In a few days' time, world leaders and policy makers will convene at the United Nations for a special summit on young people. Given recent developments in many parts of the world, such a meeting is timely. With world population projected to reach 7 billion this year on Oct. 31, there is renewed interest in our collective impact on the Earth. This is prompting some to wonder: are there too many people in the world?
While there is no consensus on the planet's carrying capacity, we do know that population will continue to grow. According to projections from the U.N. Population Division, world population will likely reach 10 billion before the turn of the century.
Overall, people are living longer, healthier lives, and many couples are choosing to have fewer children. But we are faced with the largest ever group of potential parents. And great disparities exist between countries. While many wealthy and middle-income nations are concerned with low fertility rates and ageing citizens, the world's poorest nations struggle to meet the needs of young and rapidly growing populations.
I am particularly concerned about the future of adolescents and youth: how can we ensure that younger generations inherit a world worth living in?
The world's 1.8 billion young people aged 10 to 24 constitute more than a quarter of the world's population. Just below 90 percent live in developing countries. As parents of the next generation, their choices will help determine future population trends.
During my lifetime, I have seen the world population nearly triple and have experienced the consequences, both positive and negative. Discussing numbers with economists and policy makers and hearing the dreams and needs of adolescents and youth have brought the picture into sharp focus. In the world's poorest nations, about 60 percent of people are under the age of 25.
As a former Minister of Health in Nigeria and now head of a United Nations agency, I have come to one inescapable conclusion: if we are to tackle the consequences of growing populations, we need to invest in adolescents and young people now.
Investing in the education, health and skills of young people can save lives and boost productivity and prosperity. When adolescent girls are educated and healthy and can avoid child marriage, unintended pregnancy and HIV, they can contribute fully to society and pave the path to development. Investing in a package of reproductive health services would empower young women to decide if and when they will have children, and how many children to have, and increase their opportunities for employment. This investment would reduce maternal and child deaths and the spread of sexually transmitted infections. It would lead to smaller families with more resources to invest in the health and education of each child. It would slow population growth. It would also help families, communities and nations to escape from poverty. In short, investing in the health and rights of adolescents and youth should be viewed as an investment in our future, not an expenditure.
Yet here comes the painful truth. As I am writing this piece, too many young people are in need of basic education; they continue to face discrimination, coercion and violence. Too many youth and adolescents are forced into early marriage and unwanted pregnancy. Despite the benefits of reproductive health information and care, many young people and adolescents continue to suffer from inadequate access to these services, and this is detrimental to their development. Adolescent girls and young women are particularly vulnerable. Every year, 16 million adolescent girls become mothers. If present trends continue, an additional 100 million girls are expected to marry in the next decade. That's 25,000 girls married each day. This disrupts their education, stifles their opportunities and perpetuates poverty. And it results in early childbearing that puts their lives at risk.

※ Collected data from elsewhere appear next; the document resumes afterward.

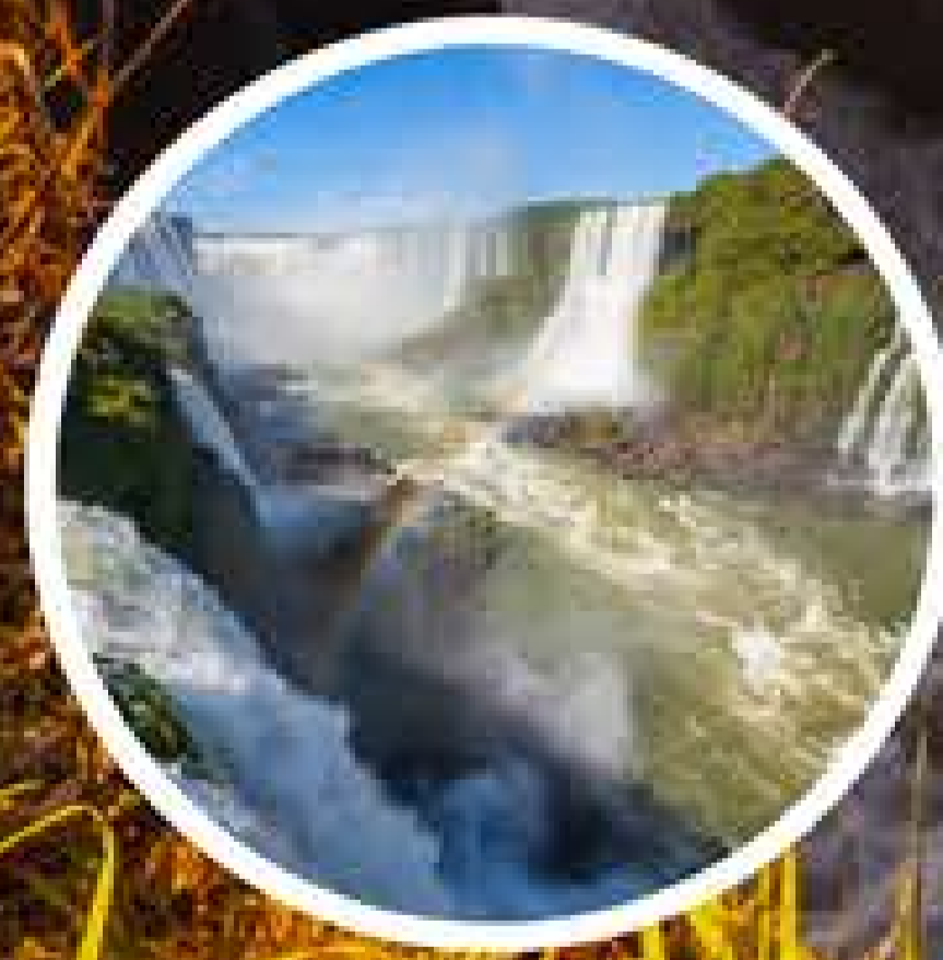
Rainbow Falls Trek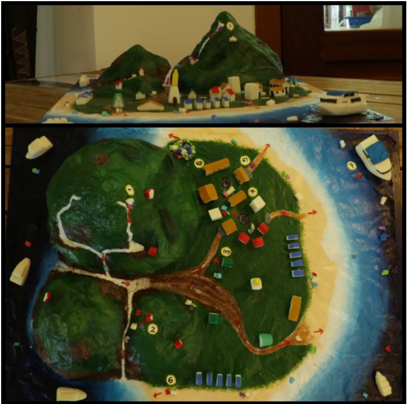
Exhibit 1. Go Plastics: Where is your rubbish going? The display shows the sources of marine plastic pollution and their routes from the mountains towards the ocean

Welcome to the New Year, the perfect moment for setting new life goals. This year, the Island Conservation Society remains committed to raising public awareness on environmental issues for better implementation of its conservation programmes.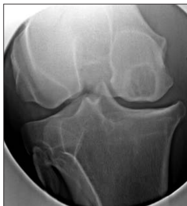
Radiograph stifle OCD on femur

OCD cyst-like erosions of bone are single circular areas of decreased bone density, seen on radiographs, and found within the ends of bones, contained within joints. These weakened cystic areas of bone, which can create joint abnormalities, may lie just below the surface of what appears to be normal articular cartilage, or they may involve deterioration and/or loss of what should otherwise be normal joint cartilage. Technically, OCD also includes fractured composite pieces of bone and cartilaginous joint fragments that do not have to be associated with a bone cyst.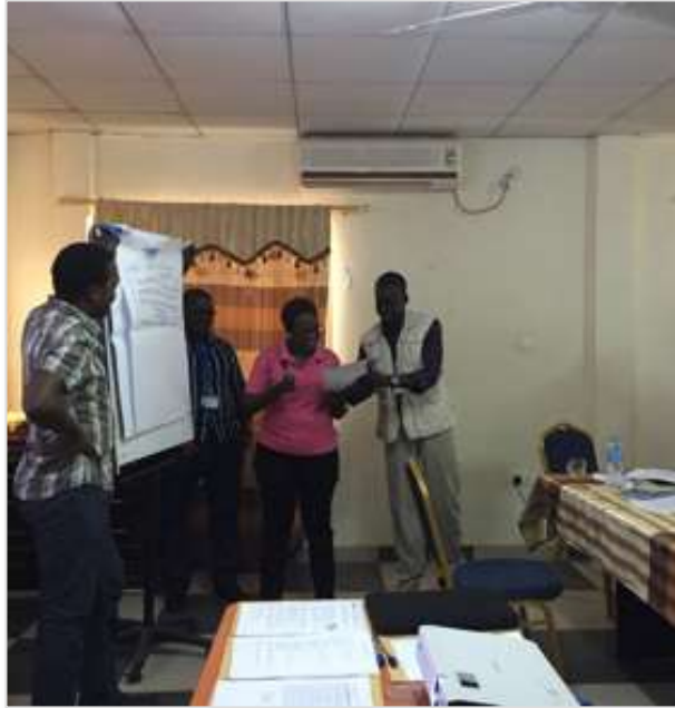
Program Manager Workshop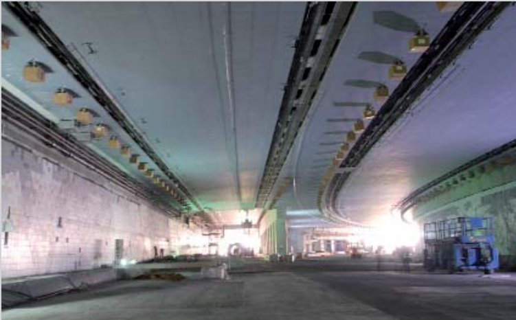
Al Salam Tunnel, Abu Dhabi

• Al Salam Street Tunnel in Abu Dhabi, U.A.E. • Al Ras Al Akhdar Tunnel in Abu Dhabi, U.A.E. • Baynoonah Street Tunnel in Abu Dhabi, U.A.E. • Midfield Terminal Tunnel in Abu Dhabi International Airport in Abu Dhabi, U.A.E. • Marina Coastal Expressway 482 Tunnel in Singapore • Polish Railway (PKP) Tunnel in Krakow, Poland • Bypass M-30 South Tunnel in Madrid, Spain • Bypass M-30 North Tunnel in Madrid, Spain • AVE-High Speed Railway Tunnel in Malaga, Spain • Commuting Railway Tunnel in Malaga, Spain • Ronda de Mig Tunnel in Barcelona, Spain • San Mamés Football Stadium, New entrance Tunnel in Bilbao, Spain • Terminal 4 Service Tunnel in Madrid Barajas Airport in Madrid, Spain • Metrosur Tunnel in Madrid, Spain • Sevinnes tunnel in Paris, France • Smestad Tunnel in Oslo, Norway • Vías Nuevas Tunnel in Lime, Peru.

Today, complications of pregnancy and childbirth are the leading cause of death in Africa and South Asia among adolescent girls 15 to 19 years old. About 40 percent of new HIV infections are among young people aged 15 to 24. This group is at high risk, and yet only 40 percent of young men and 38 percent of young women have accurate knowledge about HIV transmission.
There seems to be consensus that young people should be able to enjoy human rights and human dignity and make the most of their potential. Yet, many adolescents and youth around the world are frustrated with the absence of basic social services, the high levels of unemployment, and the lack of opportunities to have their voices heard.
Given the largest and most interconnected population of young people, it's time to listen and respond to their voices and viewpoints. They are already having a transformative impact on politics and culture. The population discussion is not a question of numbers. It's a question of how leaders can work with young people to meet the needs of current and future generations.